2. Cash dividend distribution in recent three years
The cash dividends of the company in recent three years are shown in the table below:
Unit: 10000 yuan
Project 2020 2019 2018
Cash dividend amount (tax included) 353300.04 296890.79 35952.68
Net profit attributable to shareholders of listed company 602449.04 538647.18 51017.85
Cash dividends accounted for 58.64%, 55.12% and 70.47% of the net profit attributable to the shareholders of the listed company in the current year
The accumulated cash dividends (including tax) in the last three years totaled 686143.51
The average annual distributable profit of the last three years is 397371.36
The cumulative cash distribution profit in the last three years accounts for 172.67% of the annual distribution profit. Note: the financial data in the above table are the end of the period data in the annual audit report. The profit distribution of 2018, 2019 and 2020 has been deliberated by the board of directors and the general meeting of shareholders of the company.
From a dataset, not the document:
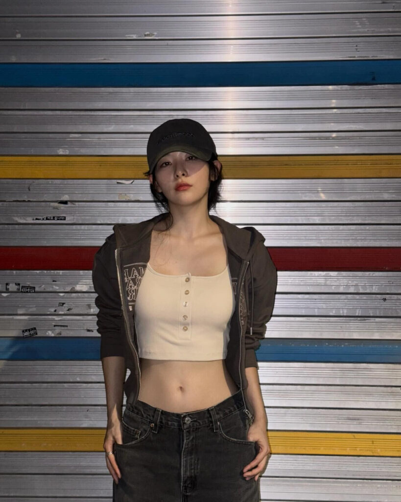 In the released photo, Seulgi stared at the camera with a chic expression while wearing a cropped T-shirt and a hooded zip-up.

The accumulated profits distributed by the company in cash in the last three years totaled 6861.4351 million yuan, accounting for 172.67% of the average annual distributable profits of 3973.7136 million yuan in the last three years, more than 30%, in line with Article 8 (V) of the measures for the administration of securities issuance of listed companies and the decision on Amending Several Provisions on cash dividends of listed companies. 5、 Special risk tips
The company urges investors to carefully read the full text of “risk factors” in the prospectus and pay special attention to the following risks:
(I) industry policy risk
The iron and steel industry belongs to two high and one surplus industries, which is greatly affected by the national macroeconomic policies, industrial regulatory policies, industrial policies and environmental protection policies. At this stage, relevant national departments implement industrial policies aimed at controlling the total amount, controlling new production capacity, eliminating backward production capacity and accelerating structural adjustment in the iron and steel industry, adopt the regulation principle of “differential treatment, classified guidance and pressure”, and encourage enterprises to adopt advanced technology, reduce energy consumption and produce high-end products that are urgently needed or can replace imports.
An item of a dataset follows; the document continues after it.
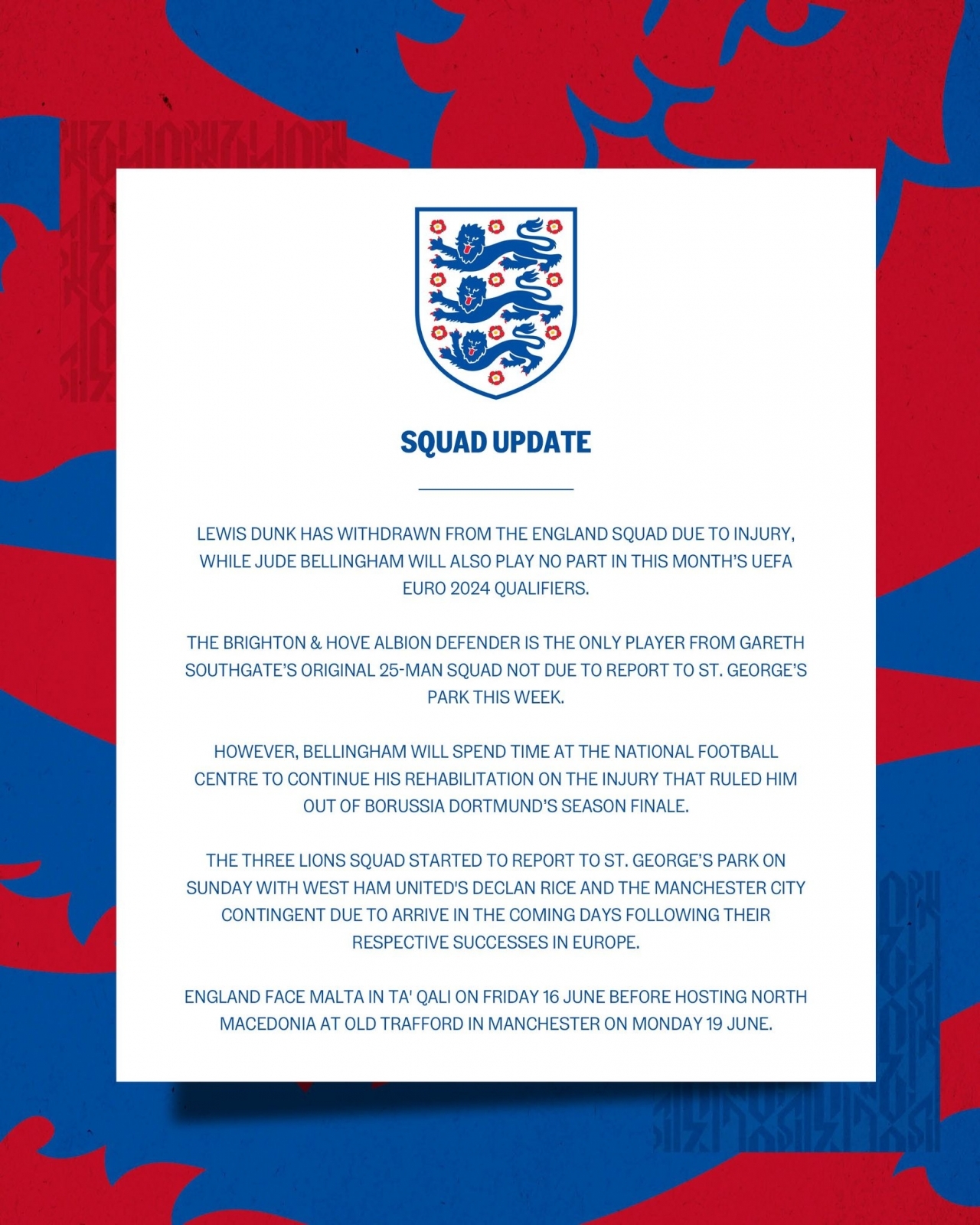 Англија потврди дека Белингем и дефанзивецот на Брајтон, Луис Данк поради повреди нема да играат на престојните квалификациски мечеви против Малта и Македонија.

With the acceleration of the state’s de productivity of the iron and steel industry, the change of industrial policies and the gradual implementation and deepening of the reform of state-owned enterprises, the market competition in the iron and steel industry will become increasingly fierce. In the future, if the policy dividend of the country and industry subsides or the implementation of policies such as environmental protection and production restriction weakens, it may have an adverse impact on the company’s business or profits.
(II) business management and financial risks
1. Safety production risk
The company mainly produces special steel products. Its production process is in high temperature and high pressure environment, and some intermediate products or terminal products are dangerous. Although the company has formulated safety rules and standards according to industry standards and actual production conditions, equipped with relatively complete safety facilities, and developed a perfect accident early warning and handling mechanism, the whole production process is under control, and the possibility of safety accidents is small, it does not rule out improper production operation or equipment failure, As a result, the company’s production activities will face the risk of production accidents in the future, which will affect the normal operation of the company’s production and operation.